Décrivant brièvement le profil du système économique haïtien, l’auteur le présente comme un système économique particulier qui s’éloigne du formalisme juridique connectant le pays à l’extérieur. « Ce formalisme ne pénètre guère la société ni ne traduit les relations existant entre les individus au niveau interne. On voit alors apparaitre un secteur informel tentaculaire et de surcroit le gaspillage des ressources collectives dont l’épargne nationale qui aurait pu être orientée vers le financement des activités tournées vers les besoins internes… »

Selon l’auteur, le financement de la décentralisation et le développement local en Haïti les politiques économiques haïtiennes auraient pu obtenir de meilleurs résultats si les conditions de la réinsertion de l’épargne et du renouvellement du stock de capital avaient été posées. Quand l’épargne globale reste inutilisée et non réinjectée dans le secteur productif, les générations se retrouvent déconnectées et l’économie déstructurée. En effet, la surliquidité persistant depuis 1980 montre que l’épargne des seniors n’est pas investie pour faire croitre le stock du capital national afin de faire travailler les plus jeunes.

Concernant la reconstruction de la gourde, à proprement parler, le neuvième chapitre du livre du professeur Frédéric Gérald Chéry montre que la banque centrale n’est pas le seul organe public concerné par la reconstruction de la gourde. Au moins quatre instances publiques devraient contribuer à reconstruire la monnaie nationale en s’impliquant dans l’aménagement de l’environnement de la politique monétaire. Le ministère de l'Économie et des Finances (MEF), la Banque de la République d'Haïti, les universités haïtiennes et le Trésor public sont concernés par une stratégie de renforcement de la monnaie nationale.

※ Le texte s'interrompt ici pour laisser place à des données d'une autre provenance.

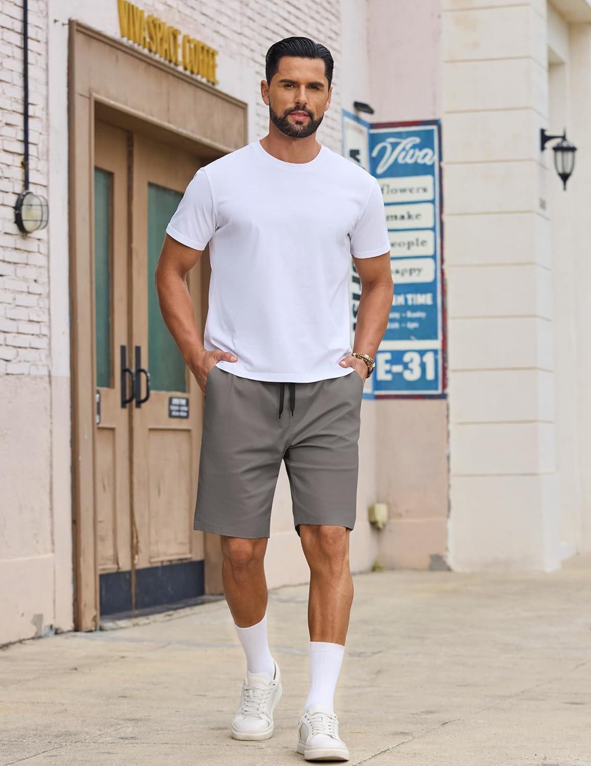 COOFANDY Mens Casual Shorts Cotton Drawstring Elastic Waist Lightweight 9" Chino Golf Shorts Summer Beach Shorts(Dark Grey)

Parmi ces institutions, certaines doivent viser à identifier et à potentialiser les individus en les convertissant en agents économiques porteurs de droits et dont le travail productif aura un impact sur la gourde. D’autres interviendront dans la diffusion dans la production et la distribution de savoirs et de savoir-faire en procurant aux Haïtiens une capacité d’imagination et de création. La dernière participera à la structuration du système productif dans le terme et à la sauvegarde des savoirs et des droits économiques ces ménages.

« La politique monétaire profitera de ces conditions générales pour soutenir les mesures de renforcement du secteur productif. Nous formulons l’hypothèse que les citoyens sont à même d’identifier ces rôles et de porter les instances publiques concernées à s’engager dans le renouveau culturel, politique et économique de notre société. Nous verrons alors que la réforme de la gourde est un projet collectif que les Haïtiens peuvent entreprendre de manière ordonnée et réfléchie », propose l’auteur dans l’introduction de sa dernière œuvre.